The housing 68 of the actuator assembly 66 has a number of input fluid passages 76 and drain fluid passages 78 defined therein. The solenoid-actuated hydraulic valve 74 selectively couples the input fluid passages 76 to the fluid manifold 48. In particular, when the solenoid-actuated hydraulic valve 74 is positioned in an open position, pressurized hydraulic fluid is advanced from the fluid manifold 48, into an input port associated with the valve 74, out an output port associated with the valve 74, and into the input fluid passages 76 and hence the fluid chamber 70. The presence of pressurized hydraulic fluid in the fluid chamber 70 causes the piston 72 to be urged upwardly (as viewed in FIG. 3) and into an extended position in which a contact side 80 of the piston 72 is urged into contact with a portion of the exhaust rocker arm 20.

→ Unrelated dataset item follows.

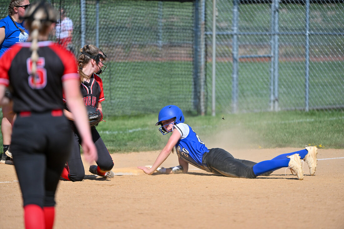 TIM WEIGHT/For the Express Central Mountain's Camdyn Weaver slides for third during a softball game against DuBois on Friday at Bellefonte. The Wildcats won 6-3.

In particular, as shown in FIG. 4, a contact rod 82 is secured to an extension member 84 of each of the exhaust rocker arms 20. When the contact rod 82 is contacted by the piston 72, the contact rod 82 is urged upwardly (as viewed in FIG. 4) so as to urge the extension member 84 of the exhaust rocker arm 84 upwardly. Movement of the extension member 84 in an upward direction (as viewed in FIGS. 3 and 4) causes the exhaust rocker arm 20 to pivot or otherwise rotate about the rocker arm shaft 16 thereby causing the valve contact rod 38 associated with the exhaust rocker arm 20 to contact the upper portion of a valve stem 40 of the exhaust valve 42. Such contact with the upper portion of the valve stem 40 urges the exhaust valve 42 downwardly thereby opening the exhaust valve 42 so as to allow gas within the associated engine cylinder to flow from the cylinder.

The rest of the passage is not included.